Con relación a otros países de la región, los datos del FMI muestran que, entre 2008 y 2015, Argentina creció menos que la mayoría de los países de América del Sur. En ese período, el PIB de Perú creció a un promedio de 5,3% por año; Bolivia a 5,1% anual; Paraguay a 5%; Uruguay a 4,5%; Ecuador a 4,1%; Colombia y Guyana a 4%; Chile, a 3,4%; Surinam a 2,7% y Brasil a 2,3%. Últimos: Argentina a 1,97% anual y Venezuela a 0,2% anual. El resultado de los experimentos populistas y globalifóbicos es muy claro: “vivir con lo nuestro” conduce a “vivir con lo puesto”.

 

Argentina inició las tareas en ese sentido, pero la falta de resultados empieza a preocupar. Un gran logro ha sido el abandono del “modelo” empobrecedor de economía cerrada, y la rápida normalización de las relaciones con el mundo. Pero una integración efectiva exige transformaciones internas previas que llevan tiempo. Acciones institucionales como la de alinear políticas y procedimientos a los estándares de la OCDE requieren reformas que bien diseñadas deberían mejorar las capacidades para competir en un mundo más proteccionista y más exigente que el de hace dos o tres décadas. Instrumento fundamental, si bien no el único, es el de contar con un tipo de cambio real más alto que en el experimento populista, y eso exige una política de reducción de impuestos y de gasto público, parcialmente compensado con partidas y programas que permitan absorber la expulsión de mano de obra estatal en el sector privado. Una tarea que debería ser previa, no posterior a reformas comerciales, si es que se tiene real intención de minimizar daños irreversibles.

 

La secuencia de intentos de reconexión al mundo no ha sido esa, de modo que se torna aún más necesaria una baja de impuestos a corto plazo y mucho más profunda que la de las reformas aprobadas a fin de 2017. Exige una baja drástica del gasto público, y no sólo en transferencias, compensado con nuevo gasto (aunque menor) en programas de reinserción laboral. Esto, a su vez, sólo tiene futuro con una estrategia exportadora inteligente y efectiva. Lleva tiempo, pero la alternativa es el mercadointernismo de bajo vuelo de 2008-2015. Los resultados son bien claros.

 

La tarea no es fácil. Exige reformas en varios frentes: gasto público (nivel, y eficiencia del mismo), impuestos nacionales, sobrecostos burocráticos, impuestos provinciales, tasas municipales, regulaciones de mercados, y todo en línea con una política monetaria, cambiaria y de ingresos coherente con ese programa de reformas.

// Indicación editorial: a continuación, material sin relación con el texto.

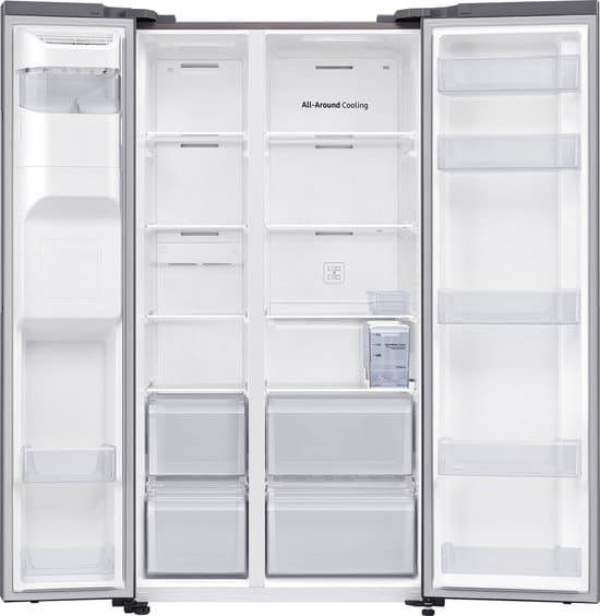 Met 635 liter heb je in deze ruime Amerikaanse koelkast genoeg plek voor al jouw boodschappen dankzij SpaceMax. Voor de ijs- en waterdispenser van Samsung RS64DG5303S9EF heb je geen wateraansluiting nodig en is ideaal voor als je al een bestaande keuken hebt. Voor de koelruimte en vriesruimte zijn er aparte koelsystemen voor het bereiken van de optimale temperatuur en kan je producten sneller op temperatuur brengen door middel van de PowerCooling/Freezing functie. Ontdooien is nooit meer nodig, vanwege het No Frost systeem.

Una tarea difícil, con potenciales ganadores y no pocos perdedores, que harán todo lo posible para que no se hable del tema. Pero tarde o tarde o temprano algo habrá que hacer. Al menos si es que realmente se tiene la intención de revertir de una buena vez el decepcionante desempeño de la economía argentina de las últimas ocho décadas.